Go to the line holding "冠洲獲評(píng)第七批制造業(yè)單項(xiàng)冠軍企業(yè)。" in the entries below and write out exactly every line down to and including the line holding "Allora jedálenská stolička".
---------- MATERIAL SUPPLIED
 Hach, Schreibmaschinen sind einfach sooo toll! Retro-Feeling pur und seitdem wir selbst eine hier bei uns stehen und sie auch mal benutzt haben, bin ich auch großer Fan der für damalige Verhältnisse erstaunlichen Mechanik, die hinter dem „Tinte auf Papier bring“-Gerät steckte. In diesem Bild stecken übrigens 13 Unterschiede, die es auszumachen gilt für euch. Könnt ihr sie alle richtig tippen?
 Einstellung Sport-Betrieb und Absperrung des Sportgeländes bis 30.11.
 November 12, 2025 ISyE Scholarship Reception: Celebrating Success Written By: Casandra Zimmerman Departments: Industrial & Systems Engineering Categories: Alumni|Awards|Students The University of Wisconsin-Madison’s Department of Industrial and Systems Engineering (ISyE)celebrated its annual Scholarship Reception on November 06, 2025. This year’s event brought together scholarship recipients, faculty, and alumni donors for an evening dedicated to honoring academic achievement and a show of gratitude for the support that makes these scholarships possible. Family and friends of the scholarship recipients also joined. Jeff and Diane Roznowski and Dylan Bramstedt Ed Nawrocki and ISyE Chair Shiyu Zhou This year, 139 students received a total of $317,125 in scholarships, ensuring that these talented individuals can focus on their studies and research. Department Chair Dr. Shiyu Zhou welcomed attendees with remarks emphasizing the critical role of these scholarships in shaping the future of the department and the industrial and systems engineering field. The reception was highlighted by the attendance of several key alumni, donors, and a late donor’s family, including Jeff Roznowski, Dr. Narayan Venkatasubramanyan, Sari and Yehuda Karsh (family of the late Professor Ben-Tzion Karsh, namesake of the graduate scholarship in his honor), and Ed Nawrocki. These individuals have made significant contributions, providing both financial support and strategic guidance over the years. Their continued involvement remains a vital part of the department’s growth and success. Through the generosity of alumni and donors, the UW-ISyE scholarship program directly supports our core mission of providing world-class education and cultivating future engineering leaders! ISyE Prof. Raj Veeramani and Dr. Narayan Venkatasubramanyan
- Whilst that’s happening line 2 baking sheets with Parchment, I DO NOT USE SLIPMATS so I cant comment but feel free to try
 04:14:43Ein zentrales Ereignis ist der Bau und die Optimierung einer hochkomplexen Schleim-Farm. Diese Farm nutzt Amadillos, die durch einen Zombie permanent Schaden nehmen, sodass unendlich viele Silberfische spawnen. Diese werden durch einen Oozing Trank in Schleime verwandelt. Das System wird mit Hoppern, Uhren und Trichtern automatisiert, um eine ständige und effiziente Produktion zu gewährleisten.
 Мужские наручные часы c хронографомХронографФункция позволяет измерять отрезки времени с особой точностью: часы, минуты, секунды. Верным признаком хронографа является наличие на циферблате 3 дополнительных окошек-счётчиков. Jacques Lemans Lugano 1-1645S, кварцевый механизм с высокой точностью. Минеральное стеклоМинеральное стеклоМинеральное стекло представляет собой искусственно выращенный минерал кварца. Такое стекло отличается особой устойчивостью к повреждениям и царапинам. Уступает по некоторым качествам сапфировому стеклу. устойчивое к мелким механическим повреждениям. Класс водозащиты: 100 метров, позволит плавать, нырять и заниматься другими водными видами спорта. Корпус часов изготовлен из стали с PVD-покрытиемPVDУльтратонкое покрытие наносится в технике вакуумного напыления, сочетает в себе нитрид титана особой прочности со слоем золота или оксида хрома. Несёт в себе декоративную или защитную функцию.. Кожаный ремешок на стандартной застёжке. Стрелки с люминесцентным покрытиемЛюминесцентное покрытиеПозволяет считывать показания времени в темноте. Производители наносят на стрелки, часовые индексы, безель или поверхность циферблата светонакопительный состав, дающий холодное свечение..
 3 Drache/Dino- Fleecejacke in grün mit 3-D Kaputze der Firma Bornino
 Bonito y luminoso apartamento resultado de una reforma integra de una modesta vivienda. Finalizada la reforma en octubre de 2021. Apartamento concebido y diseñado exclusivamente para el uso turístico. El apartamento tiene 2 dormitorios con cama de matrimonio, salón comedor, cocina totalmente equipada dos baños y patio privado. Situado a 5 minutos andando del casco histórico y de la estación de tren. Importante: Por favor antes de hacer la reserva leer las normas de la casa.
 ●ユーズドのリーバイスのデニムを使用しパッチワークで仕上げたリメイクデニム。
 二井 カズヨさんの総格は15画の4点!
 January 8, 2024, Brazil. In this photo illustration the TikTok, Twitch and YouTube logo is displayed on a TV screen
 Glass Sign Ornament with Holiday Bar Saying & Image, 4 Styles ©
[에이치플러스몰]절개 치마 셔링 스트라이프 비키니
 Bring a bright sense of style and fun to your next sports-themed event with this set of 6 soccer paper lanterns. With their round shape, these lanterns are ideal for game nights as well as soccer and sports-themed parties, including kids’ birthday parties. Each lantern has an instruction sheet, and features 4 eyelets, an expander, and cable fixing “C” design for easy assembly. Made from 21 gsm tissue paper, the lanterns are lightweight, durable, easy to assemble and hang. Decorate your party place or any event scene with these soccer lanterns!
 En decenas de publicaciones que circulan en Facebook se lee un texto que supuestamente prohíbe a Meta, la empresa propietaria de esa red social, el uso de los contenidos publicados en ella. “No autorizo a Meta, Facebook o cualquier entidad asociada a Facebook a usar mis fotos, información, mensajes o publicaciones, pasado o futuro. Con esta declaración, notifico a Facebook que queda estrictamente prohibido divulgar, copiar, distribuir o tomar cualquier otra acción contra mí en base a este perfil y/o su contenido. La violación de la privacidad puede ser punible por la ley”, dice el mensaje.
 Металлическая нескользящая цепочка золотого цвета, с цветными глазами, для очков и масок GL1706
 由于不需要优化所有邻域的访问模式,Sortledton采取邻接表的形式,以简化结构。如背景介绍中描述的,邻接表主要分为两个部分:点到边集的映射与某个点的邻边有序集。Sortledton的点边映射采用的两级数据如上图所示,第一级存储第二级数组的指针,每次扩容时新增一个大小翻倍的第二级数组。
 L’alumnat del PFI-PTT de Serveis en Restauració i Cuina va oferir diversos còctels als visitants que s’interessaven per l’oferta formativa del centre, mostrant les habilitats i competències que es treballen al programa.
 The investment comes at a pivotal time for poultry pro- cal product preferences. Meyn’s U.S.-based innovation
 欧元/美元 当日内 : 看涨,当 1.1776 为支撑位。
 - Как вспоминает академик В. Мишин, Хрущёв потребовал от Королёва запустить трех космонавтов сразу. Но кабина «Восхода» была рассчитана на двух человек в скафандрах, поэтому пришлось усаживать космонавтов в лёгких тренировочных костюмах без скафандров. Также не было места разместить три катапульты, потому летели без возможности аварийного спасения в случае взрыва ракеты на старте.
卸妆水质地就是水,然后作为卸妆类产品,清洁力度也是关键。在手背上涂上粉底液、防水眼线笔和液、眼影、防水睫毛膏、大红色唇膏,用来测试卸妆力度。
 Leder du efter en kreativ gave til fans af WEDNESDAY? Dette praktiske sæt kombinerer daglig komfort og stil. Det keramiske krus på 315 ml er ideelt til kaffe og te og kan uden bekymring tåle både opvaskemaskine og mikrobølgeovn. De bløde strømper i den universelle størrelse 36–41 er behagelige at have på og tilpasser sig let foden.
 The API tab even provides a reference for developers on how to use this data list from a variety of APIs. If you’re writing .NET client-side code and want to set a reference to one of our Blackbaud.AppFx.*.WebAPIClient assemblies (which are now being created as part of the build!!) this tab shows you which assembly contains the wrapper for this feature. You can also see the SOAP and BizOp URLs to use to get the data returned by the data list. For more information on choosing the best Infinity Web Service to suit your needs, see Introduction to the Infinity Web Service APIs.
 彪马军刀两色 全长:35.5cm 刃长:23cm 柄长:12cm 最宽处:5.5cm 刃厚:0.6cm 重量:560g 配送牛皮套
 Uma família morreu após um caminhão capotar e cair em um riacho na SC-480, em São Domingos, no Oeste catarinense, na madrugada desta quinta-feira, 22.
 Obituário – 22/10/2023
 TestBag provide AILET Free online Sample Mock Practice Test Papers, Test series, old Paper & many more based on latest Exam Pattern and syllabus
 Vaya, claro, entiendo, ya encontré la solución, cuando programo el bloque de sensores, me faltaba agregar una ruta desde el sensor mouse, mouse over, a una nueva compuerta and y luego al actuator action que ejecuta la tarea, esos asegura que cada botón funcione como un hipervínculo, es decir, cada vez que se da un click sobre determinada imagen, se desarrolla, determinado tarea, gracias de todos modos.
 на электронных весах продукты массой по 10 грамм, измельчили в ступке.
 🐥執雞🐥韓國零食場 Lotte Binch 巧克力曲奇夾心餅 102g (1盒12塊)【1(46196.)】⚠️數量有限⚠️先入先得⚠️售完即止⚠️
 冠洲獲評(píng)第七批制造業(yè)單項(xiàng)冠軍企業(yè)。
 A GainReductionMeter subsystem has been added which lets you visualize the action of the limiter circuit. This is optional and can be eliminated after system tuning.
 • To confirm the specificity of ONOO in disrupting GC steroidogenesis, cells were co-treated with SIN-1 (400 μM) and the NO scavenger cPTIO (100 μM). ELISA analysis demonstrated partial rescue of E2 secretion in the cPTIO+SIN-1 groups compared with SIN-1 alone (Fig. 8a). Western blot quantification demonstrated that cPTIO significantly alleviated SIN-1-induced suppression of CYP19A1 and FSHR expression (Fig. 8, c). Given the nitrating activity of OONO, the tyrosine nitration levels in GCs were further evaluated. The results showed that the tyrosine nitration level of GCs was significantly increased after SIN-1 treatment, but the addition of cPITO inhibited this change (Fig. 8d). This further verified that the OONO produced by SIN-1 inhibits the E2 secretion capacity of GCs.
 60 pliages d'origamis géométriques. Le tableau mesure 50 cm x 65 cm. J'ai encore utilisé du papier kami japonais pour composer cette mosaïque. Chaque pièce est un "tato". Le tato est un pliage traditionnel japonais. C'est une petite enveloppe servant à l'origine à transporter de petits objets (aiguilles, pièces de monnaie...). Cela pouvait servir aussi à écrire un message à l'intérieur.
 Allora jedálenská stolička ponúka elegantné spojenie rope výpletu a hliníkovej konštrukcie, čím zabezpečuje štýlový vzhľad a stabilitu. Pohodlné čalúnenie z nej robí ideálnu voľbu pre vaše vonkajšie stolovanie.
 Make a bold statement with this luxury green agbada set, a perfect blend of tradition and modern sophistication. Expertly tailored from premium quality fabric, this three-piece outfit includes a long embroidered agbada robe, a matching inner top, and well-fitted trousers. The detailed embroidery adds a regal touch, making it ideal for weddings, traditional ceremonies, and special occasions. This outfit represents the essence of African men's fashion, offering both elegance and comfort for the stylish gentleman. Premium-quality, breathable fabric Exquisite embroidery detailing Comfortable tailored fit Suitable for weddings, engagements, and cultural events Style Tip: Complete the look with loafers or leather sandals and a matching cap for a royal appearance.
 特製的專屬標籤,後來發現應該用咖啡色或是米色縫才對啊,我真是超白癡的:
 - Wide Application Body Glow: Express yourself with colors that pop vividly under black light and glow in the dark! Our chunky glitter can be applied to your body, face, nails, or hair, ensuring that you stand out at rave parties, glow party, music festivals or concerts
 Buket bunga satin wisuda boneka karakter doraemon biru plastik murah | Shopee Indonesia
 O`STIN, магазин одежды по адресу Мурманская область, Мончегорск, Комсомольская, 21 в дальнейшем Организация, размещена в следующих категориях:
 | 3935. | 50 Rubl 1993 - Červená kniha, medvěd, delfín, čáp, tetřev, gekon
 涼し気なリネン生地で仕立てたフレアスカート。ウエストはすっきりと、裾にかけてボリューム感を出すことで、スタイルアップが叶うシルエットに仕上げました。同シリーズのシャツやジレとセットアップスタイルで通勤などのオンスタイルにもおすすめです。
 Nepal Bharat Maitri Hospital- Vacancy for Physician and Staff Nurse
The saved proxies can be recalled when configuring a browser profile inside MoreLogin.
--------------------
▶ **SOLUTION**:
 冠洲獲評(píng)第七批制造業(yè)單項(xiàng)冠軍企業(yè)。
 A GainReductionMeter subsystem has been added which lets you visualize the action of the limiter circuit. This is optional and can be eliminated after system tuning.
 • To confirm the specificity of ONOO in disrupting GC steroidogenesis, cells were co-treated with SIN-1 (400 μM) and the NO scavenger cPTIO (100 μM). ELISA analysis demonstrated partial rescue of E2 secretion in the cPTIO+SIN-1 groups compared with SIN-1 alone (Fig. 8a). Western blot quantification demonstrated that cPTIO significantly alleviated SIN-1-induced suppression of CYP19A1 and FSHR expression (Fig. 8, c). Given the nitrating activity of OONO, the tyrosine nitration levels in GCs were further evaluated. The results showed that the tyrosine nitration level of GCs was significantly increased after SIN-1 treatment, but the addition of cPITO inhibited this change (Fig. 8d). This further verified that the OONO produced by SIN-1 inhibits the E2 secretion capacity of GCs.
 60 pliages d'origamis géométriques. Le tableau mesure 50 cm x 65 cm. J'ai encore utilisé du papier kami japonais pour composer cette mosaïque. Chaque pièce est un "tato". Le tato est un pliage traditionnel japonais. C'est une petite enveloppe servant à l'origine à transporter de petits objets (aiguilles, pièces de monnaie...). Cela pouvait servir aussi à écrire un message à l'intérieur.
 Allora jedálenská stolička ponúka elegantné spojenie rope výpletu a hliníkovej konštrukcie, čím zabezpečuje štýlový vzhľad a stabilitu. Pohodlné čalúnenie z nej robí ideálnu voľbu pre vaše vonkajšie stolovanie.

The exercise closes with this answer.